Vibrations in matter. That is how we usually define sound. When playing the guitar, you strum a string, and it swings one way. The pressure is applied on the surrounding molecules and high pressure is created around the string. When the string swings back, the high pressure transforms into a low pressure zone. The pitch is defined by how many swings are made per minute. Here comes the term „frequency“. The frequency depends on the number of high and low pressure waves made within one second.

The purpose of the microphone is to converts the high and low pressure waves within the area where microphone takes effect. Microphone varies its voltage output accordingly. This is called an analog sound. The term “analog” has come from the fact that this voltage output is an analogue to the original sound waves.

Digital sound is quite different as you might have suspected. In order to receive digital sound there must be analog to digital converter working on the other end of the circuit. This converter takes periodic snapshots of the voltage levels coming from the microphone. The new term “sample” may be introduced here. Samples are these snapshots taken from the microphone.

This is possible to draw a parallel of digital audio and film. The rapidly moving sequence of still images is what we see in the movie. If few frames are shown per second, the flow of the movie would be less adequate, more roughly. Digital audio works by the same principle. Single snapshot of a movie is represented in a digital audio by a sample. Samples may be reproduced various ways. Each frame has a size and so does sample. In 16-bit digital audio each sample is a single 16-bit integer which value is ranged from –32768 through 32767. This number represents the amount of voltage of an analog sound for the same noise. In digital audio frequency is measured in hertz. Quality sound is 16-bit 44100Hz, or 44.1kHz.

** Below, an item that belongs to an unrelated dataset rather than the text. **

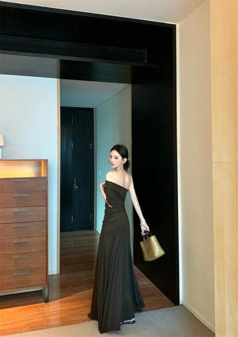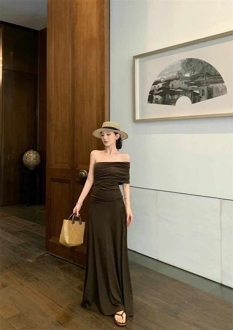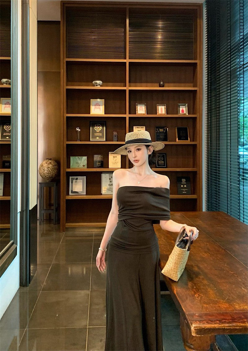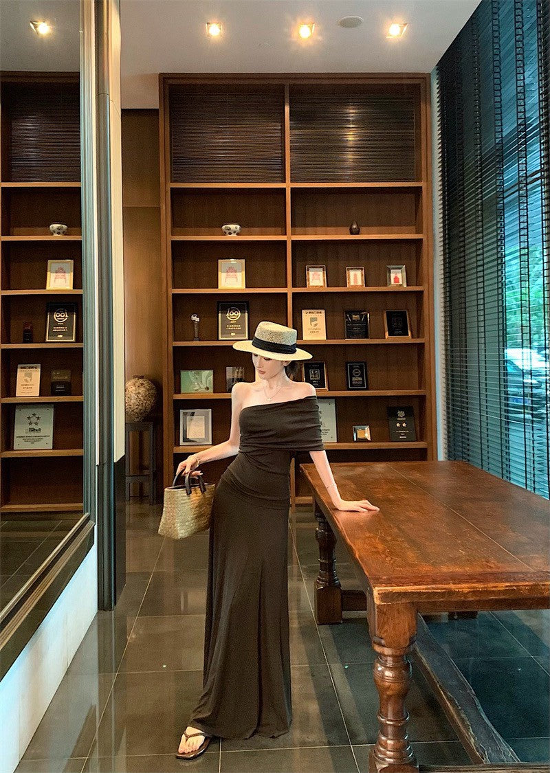 25Jul. 女主人物 露肩單袖半身裙慵懶套 咖

Sixteen bits is usually not enough to represent a sound, and many musicians deal with the problem of this small size when modifying digital audio. When you apply effect on a sound, this can be viewed as solving a complex mathematical problem applying the solution on the series of samples. Every time you effects are applied on 16-bit integers, 3dB of sound are lost in the area where application took place. This math experiments with 16-bit integers usually lead to a lot of rounding and this is when the sound is lost. You may also lose sound at the upper end when samples start to clip, or when the 16-bit integer is unable to represent the high voltage of analog sound.

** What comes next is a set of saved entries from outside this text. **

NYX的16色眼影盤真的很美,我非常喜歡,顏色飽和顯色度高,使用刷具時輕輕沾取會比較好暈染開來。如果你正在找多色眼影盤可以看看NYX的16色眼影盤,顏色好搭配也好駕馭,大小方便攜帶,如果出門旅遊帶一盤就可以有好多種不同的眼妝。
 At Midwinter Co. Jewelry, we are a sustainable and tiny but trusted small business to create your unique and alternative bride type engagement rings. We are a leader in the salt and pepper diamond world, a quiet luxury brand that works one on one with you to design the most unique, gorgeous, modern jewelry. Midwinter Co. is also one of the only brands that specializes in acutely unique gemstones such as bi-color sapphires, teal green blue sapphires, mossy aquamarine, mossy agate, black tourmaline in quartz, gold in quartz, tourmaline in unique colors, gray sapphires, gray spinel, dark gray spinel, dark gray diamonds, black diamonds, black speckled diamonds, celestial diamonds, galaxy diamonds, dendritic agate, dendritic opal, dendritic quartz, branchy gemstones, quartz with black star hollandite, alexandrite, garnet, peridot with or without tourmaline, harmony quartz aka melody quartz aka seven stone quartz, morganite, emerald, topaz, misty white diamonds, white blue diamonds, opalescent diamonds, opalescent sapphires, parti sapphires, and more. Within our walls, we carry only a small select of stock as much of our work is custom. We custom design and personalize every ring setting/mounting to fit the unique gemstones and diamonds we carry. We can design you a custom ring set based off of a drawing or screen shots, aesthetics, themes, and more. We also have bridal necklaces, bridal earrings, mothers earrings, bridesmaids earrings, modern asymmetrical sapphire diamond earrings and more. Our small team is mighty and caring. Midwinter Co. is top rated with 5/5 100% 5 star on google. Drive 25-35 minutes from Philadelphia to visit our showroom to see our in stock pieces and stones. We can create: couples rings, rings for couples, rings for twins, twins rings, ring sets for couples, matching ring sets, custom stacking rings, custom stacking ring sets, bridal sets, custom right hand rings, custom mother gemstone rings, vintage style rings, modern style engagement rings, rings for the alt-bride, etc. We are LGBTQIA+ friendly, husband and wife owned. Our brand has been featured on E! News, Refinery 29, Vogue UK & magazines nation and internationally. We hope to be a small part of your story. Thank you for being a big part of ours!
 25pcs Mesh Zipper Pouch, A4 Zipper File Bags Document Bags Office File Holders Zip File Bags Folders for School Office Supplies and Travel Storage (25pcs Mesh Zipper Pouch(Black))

There are sound editing programs that are capable of retaining the fidelity of digital sound by using a 32-bit floating point numbers within the program. Floating point is defined as “representing decimal numbers in a computer that only understands integers”. When working with 32 bits for floating point number, some of those bits represent a number on the right side of the decimal place, and some represent a number on the left. When putting these two parts together a number like 2.2897 will appear. This method is very helpful if you are not satisfied with rounding decisions while applying effects to the sound. This does not exactly mean that processing in a 32-bit float system is lossless, yet this way you can minimize this losses so much that human ear would be unable to detect that the quality has worsened.